EXERCISE OBJECTIVE: Every line from the one with "I was impressed" to the one with "PRIMOŠTEN - Modern", including those two, is to be copied exactly; all other lines of the entries below are left out.

EXTRACTED ENTRIES:
§ §

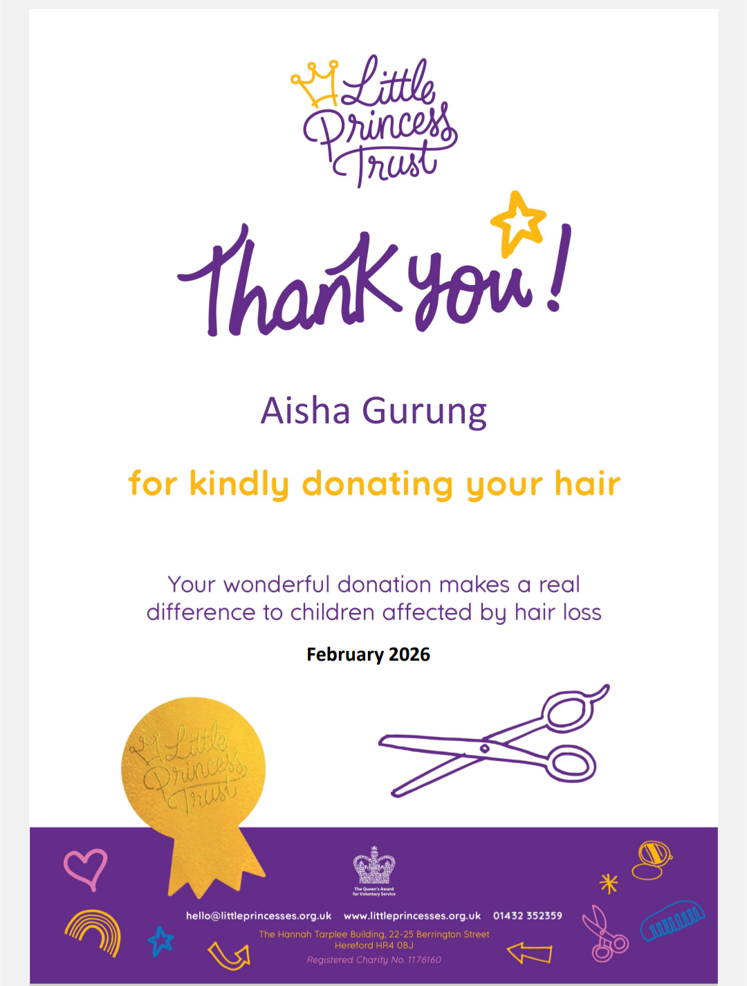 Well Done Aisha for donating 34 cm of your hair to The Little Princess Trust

§ §

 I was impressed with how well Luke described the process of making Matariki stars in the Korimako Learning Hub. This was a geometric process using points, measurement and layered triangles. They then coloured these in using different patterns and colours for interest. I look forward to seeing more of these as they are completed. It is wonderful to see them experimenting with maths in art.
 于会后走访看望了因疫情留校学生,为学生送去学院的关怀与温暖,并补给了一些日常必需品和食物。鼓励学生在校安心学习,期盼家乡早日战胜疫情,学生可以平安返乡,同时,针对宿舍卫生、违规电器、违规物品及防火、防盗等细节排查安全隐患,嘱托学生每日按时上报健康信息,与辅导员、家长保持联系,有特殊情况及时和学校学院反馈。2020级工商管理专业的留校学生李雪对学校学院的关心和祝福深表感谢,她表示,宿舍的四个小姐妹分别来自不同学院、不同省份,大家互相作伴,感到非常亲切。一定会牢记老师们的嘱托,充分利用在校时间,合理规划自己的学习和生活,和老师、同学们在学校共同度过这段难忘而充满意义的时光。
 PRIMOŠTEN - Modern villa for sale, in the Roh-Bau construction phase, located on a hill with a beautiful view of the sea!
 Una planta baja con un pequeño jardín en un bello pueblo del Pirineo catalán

§ §

SOLUTION FOR THIS PROBLEM:
 I was impressed with how well Luke described the process of making Matariki stars in the Korimako Learning Hub. This was a geometric process using points, measurement and layered triangles. They then coloured these in using different patterns and colours for interest. I look forward to seeing more of these as they are completed. It is wonderful to see them experimenting with maths in art.
 于会后走访看望了因疫情留校学生,为学生送去学院的关怀与温暖,并补给了一些日常必需品和食物。鼓励学生在校安心学习,期盼家乡早日战胜疫情,学生可以平安返乡,同时,针对宿舍卫生、违规电器、违规物品及防火、防盗等细节排查安全隐患,嘱托学生每日按时上报健康信息,与辅导员、家长保持联系,有特殊情况及时和学校学院反馈。2020级工商管理专业的留校学生李雪对学校学院的关心和祝福深表感谢,她表示,宿舍的四个小姐妹分别来自不同学院、不同省份,大家互相作伴,感到非常亲切。一定会牢记老师们的嘱托,充分利用在校时间,合理规划自己的学习和生活,和老师、同学们在学校共同度过这段难忘而充满意义的时光。
 PRIMOŠTEN - Modern villa for sale, in the Roh-Bau construction phase, located on a hill with a beautiful view of the sea!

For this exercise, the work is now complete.